Preface
January 27, 2025 2 minutes • 341 words
The 1997 Asian Crisis and the 2008 Financial Crisis proved that financial crises were systemic and that there was something very wrong with Economics. This led me to do personal research into the history of the ideas that created the current economic system.
From studying economic calculus in university, my gut feeling was that the fishy idea of profit maximization (wherein firms reduce their output in order to raise prices) was the culprit.

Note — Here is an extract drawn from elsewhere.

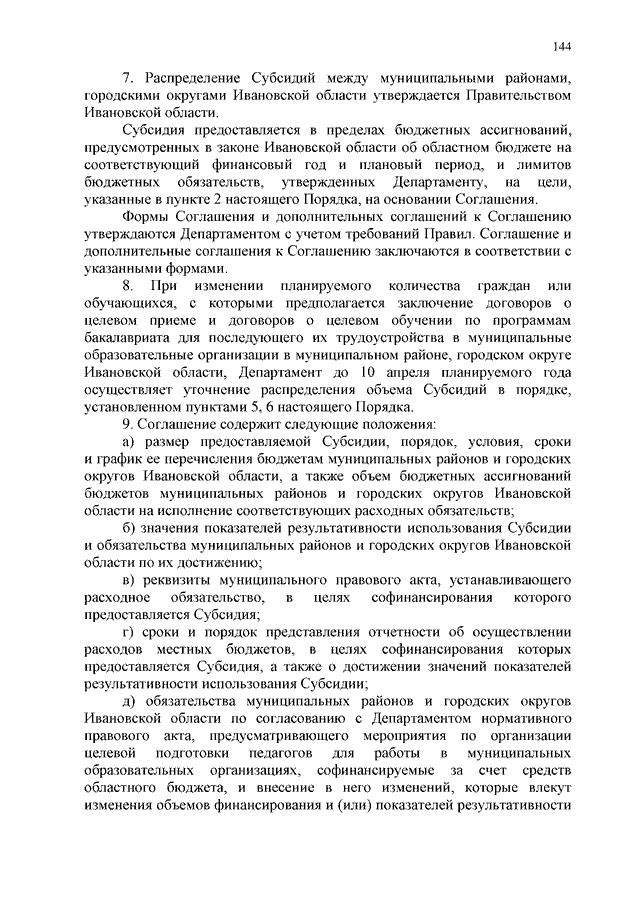 Постановление Правительства Ивановской области от 23.04.2019 N 148-п "О внесении изменений в постановление Правительства Ивановской области от 13.11.2013 N 450-п "Об утверждении государственной программы "Развитие образования Ивановской области" (вместе с "Порядком предоставления и распределения субсидий бюджетам муниципальных районов и городских округов Ивановской области на организацию целевой подготовки педагогов для работы в муниципальных образовательных организациях Ивановской области", "Порядком предоставления и распределения субсидий бюджетам муниципальных районов и городских округов Ивановской области на укрепление материально-технической базы муниципальных образовательных организаций Ивановской области", "Порядком предоставления и распределения субсидий бюджетам муниципальных образований Ивановской области на реализацию мероприятий по созданию дополнительных мест для детей в возрасте от 1,5 до 3 лет в образовательных организациях, осуществляющих образовательную деятельность по образовательным программам дошкольного образования", "Порядком предоставления и распределения субсидий бюджетам муниципальных образований Ивановской области на реализацию мероприятий по модернизации инфраструктуры общего образования", "Порядком предоставления и распределения бюджетам муниципальных районов, городских округов Ивановской области субсидий на софинансирование расходов, связанных с поэтапным доведением средней заработной платы педагогическим работникам иных муниципальных организаций дополнительного образования детей до средней заработной платы учителей в Ивановской области", "Порядком предоставления и распределения субсидий бюджетам муниципальных районов и городских округов Ивановской области на софинансирование расходов, связанных с поэтапным доведением средней заработной платы педагогическим работникам муниципальных организаций дополнительного образования детей в сфере физической культуры и спорта до средней заработной платы учителей в Ивановской области", "Порядком предоставления и распределения субсидий бюджетам муниципальных районов и городских округов Ивановской области на софинансирование расходов, связанных с поэтапным доведением средней заработной платы педагогическим работникам муниципальных организаций дополнительного образования детей в сфере культуры и искусства до средней заработной платы учителей в Ивановской области", "Порядком предоставления и распределения бюджетам муниципальных районов и городских округов Ивановской области субсидий на реализацию мероприятий по укреплению материально-технической базы и оснащение оборудованием детских школ искусств", "Порядком предоставления и распределения бюджетам муниципальных районов и городских округов Ивановской области субсидий на оснащение образовательных учреждений в сфере культуры музыкальными инструментами, оборудованием и учебными материалами", "Подпрограммой "Развитие цифровизации образовательного процесса в регионе")
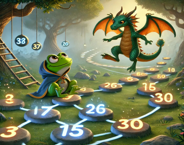 В центре этого удивительного мира жила Звёздная Лягушка по имени Фло, которая обожала математику. Она умела прыгать по числам, как по камешкам, и всегда находила правильный путь по реке.

I validated this in Adam Smith’s The Wealth of Nations where he attacked the idea that money is wealth, which then led to the profit maximization doctrine which was not present in Classical Economics.
From Smith’s principles, I created a model predicting a global stagflation starting in 2020 wherein the solution would be a barter-credit system that we eventually called Economy-as-a-Service. This realizes Smith’s state institutions mentioned in Book 5, Chapter 2, to facilitate specific commerce sustainably wherein the valuation is based on something tangible, as either wheat or silver.
The pandemic happened within the projected time frame, and our system, as a web app, crashed from the surge of users. The reality of the 2020s stagnation, as well as the current chronic inflation, proves that Smith was correct and that his principles are timeless, holding true today and far into the future.
We can then lay down the science of how the prediction was done and why it predicts another global crisis around 2028-2029 unless Neoclassical Economics reverts back to Classical Economics, a clearer version of which is our proposed Supereconomics.
Unlike Economics which is based on static money, as prices, Supereconomics is based on dynamic waves, as relative value. This wave-nature of a supereconomy is driven by desire, explained through the Four Laws of Value, mirroring the Four Laws of Thermodynamics.
This book explains the basics of those Four Laws just as Newton’s Principia Mathematica explained the Laws which established Physics, but uses qualitative solutions to problems instead of mathematical ones. This is because humans have free will to break out of quantitative limitations or constants.